These are the key concepts you need to understand to accurately answer the question.

Law of Sines
The **Law of Sines** is a fundamental principle in trigonometry used to relate the angles and sides of a triangle. It is especially useful for solving oblique triangles, which are triangles without a right angle. The Law is expressed as:\[\frac{a}{\sin(\alpha)} = \frac{b}{\sin(\beta)} = \frac{c}{\sin(\gamma)}\]This formula suggests that the ratio of the length of a side of a triangle to the sine of the angle opposite that side is the same for all sides and angles in the triangle.
To apply the law:
  • First identify the known angle-side pairs. In this problem, side \( b \) and angle \( \beta \) are used.
  • Then choose the unknown side and corresponding angle for which you need to find the length.
  • Rearrange the formula to solve for the desired side.
  • Substitute the known values and calculate using trigonometric functions.
The Law of Sines allows for efficient calculation of unknowns when dealing with non-right triangles.
angles in a triangle
The sum of all angles in a triangle always adds up to 180 degrees. This is a basic property of triangles and is crucial when trying to find a missing angle.
In the given problem, two angles \( \alpha = 46^{\circ} \) and \( \gamma = 72^{\circ} \) are known. Using the formula:\[\beta = 180^\circ - \alpha - \gamma\]Substitute the known angles into the formula:\[\beta = 180^\circ - 46^\circ - 72^\circ = 62^\circ\]This calculation identifies \( \beta \), the third angle, as \( 62^\circ \).
This property simplifies calculating triangles with missing angles and is a key step when using trigonometric laws such as the Law of Sines or the Law of Cosines. Always remember: knowing just two angles in a triangle allows for the determination of the third.
solving triangles
Solving a triangle means finding the lengths of its sides and the measures of its angles.

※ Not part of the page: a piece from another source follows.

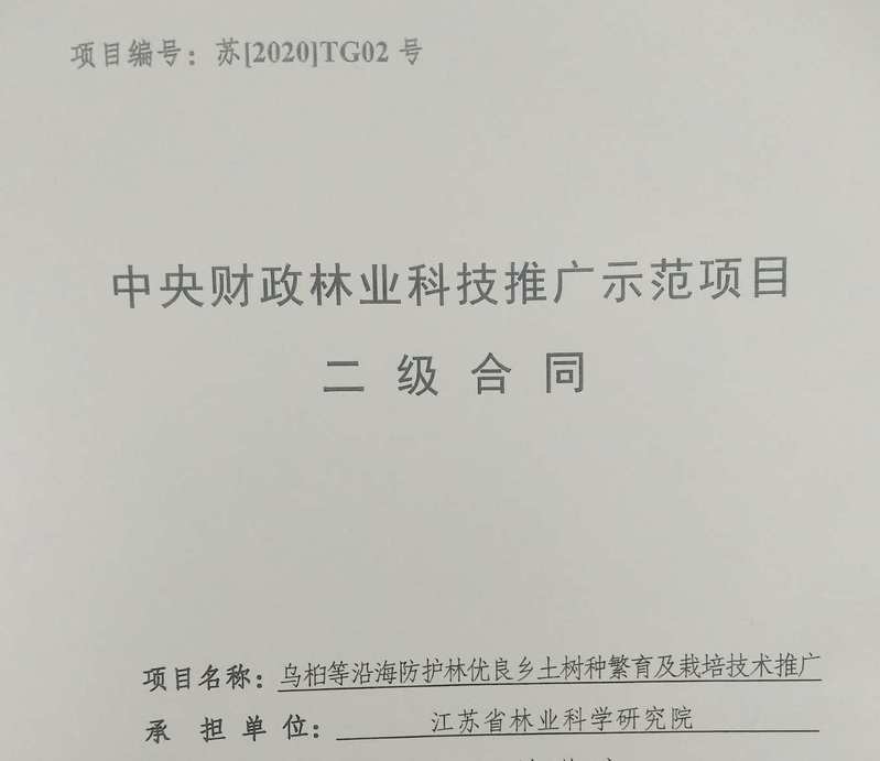 乌桕等沿海防护林优良树种繁育及栽培技术推广项目自去年起对接,受疫情影响,于6月1日正式签订合作协议。项目起止时间自2020年1月至2022年12月。项目面积85亩,主要繁育“紫燕”、苏杉1号、榔榆N27家系、苏柳1011等良种苗木15万株。省林科院划拨项目实施经费19万元,主要用于优良品种繁育及先进实用技术与标准的应用示范费用。项目实施对促进沿海林业发展、维护湿地生态环境、治理水土流失具有重要意义,研究成果归双方共有。

This exercise involved solving a triangle using given angles and one side.
The process begins by using the angle sum property to find any missing angles. Once all angles are known:
  • The Law of Sines becomes a powerful tool for finding unknown side lengths. Use it to form equations that relate known and unknown quantities.
  • Plug known values into the Law of Sines and solve for the unknown sides. This often involves using a calculator to evaluate sine values.
  • Compute side lengths using rearranged versions of the Law of Sines formula.
Finally, verify your results by checking that calculated side lengths make sense in the context of the triangle. The technique and laws used here ensure the triangle's dimensions are consistent, thus completing the triangle solving process.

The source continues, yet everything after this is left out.